You missed my point. Perhaps I wasn’t clear.
At least 1.5% of Hispanics do not speak Spanish at all, but the actual number is obviously much higher, since many non-Hispanics speak Spanish.
The statistics you’re reacting to sound like margin of error and study flaw to me.
Could you expound? Which statistic sounds like “margin of error”, and which sounds like “study flaw”, and for why do they sound that way?
You point to a 1.5% difference (almost certainly within the margin of error) as a sign of “assimilation on steroids”.
We don’t know what “speak Spanish” means (from the Census Bureau’s point of view) either. Does it mean native speaker? Primary Spanish? True bilingual? Any Spanish at all? A quick look at the Bureau’s web site didn’t help me out there much.

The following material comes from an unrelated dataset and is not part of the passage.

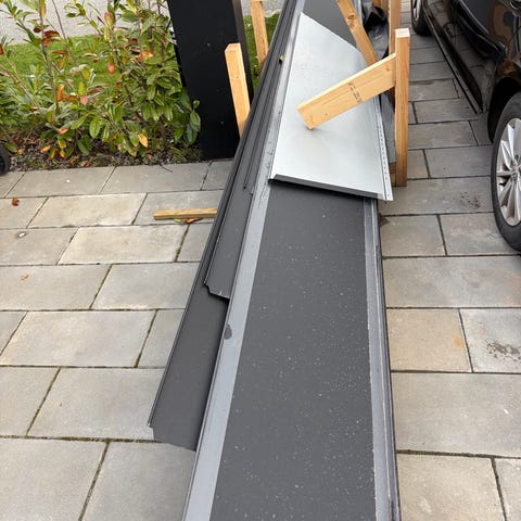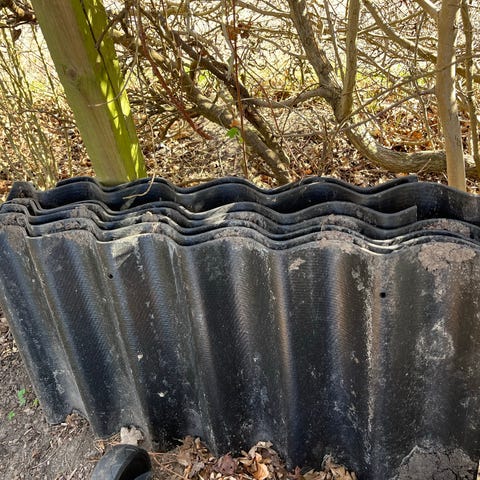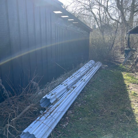 Afhentes gratis. Afskårne tagplader med borehuller. En rest vi ikke skal bruge. Borehuller er med 60 cm afstand, passende til lægter.

I think it’s more than likely that Spanish-English bilinguals (probably many in the population in Miami) are not counted as Spanish speakers. We just don’t know from the information given so drawing conclusions probably isn’t terribly prudent.
Additionally, were the statistics derived from mailers (probably) or live census takers? Mail-in questionnaires are probably not reliable under the circumstances. There might be problems with live census takers as well. Will respondents give reliable information to the census takers?
The UNITED States of America- R.I.P.
“Assimilation” would mean that Hispanics would be learning English, without necessarily abandoning Spanish. Laurence is indicating that the fact that some number of Hispanics are no longer learning Spanish as all, that English is now their _only_ language, is assimilation on steroids. His claim is one of increased quality, not increased quantity.
Did I miss a secession?
Perhaps there’s a Cuba policy at work?
href=”http://highclearing.com/index.php/archives/2008/05/29/8259″>’Paved With Good Intentions’
You got me! But of course Mayors of the constituent municipalities have little power since consolidation.
I must be writing particularly badly today – the only one who seems to understand what I’m saying is Michael. So, one last time…
The stats show that only 58.5% of Dade County residents speak Spanish. Since many non-Hispanic residents of that county speak Spanish, and since Hispanics make up only 60% of the county, it must be true that a fairly significant percentage of Hispanics do not speak Spanish at all.
That seems like a very strong indicator of assimilation.
I am not talking about a 1.5% difference. That is not what I am talking about.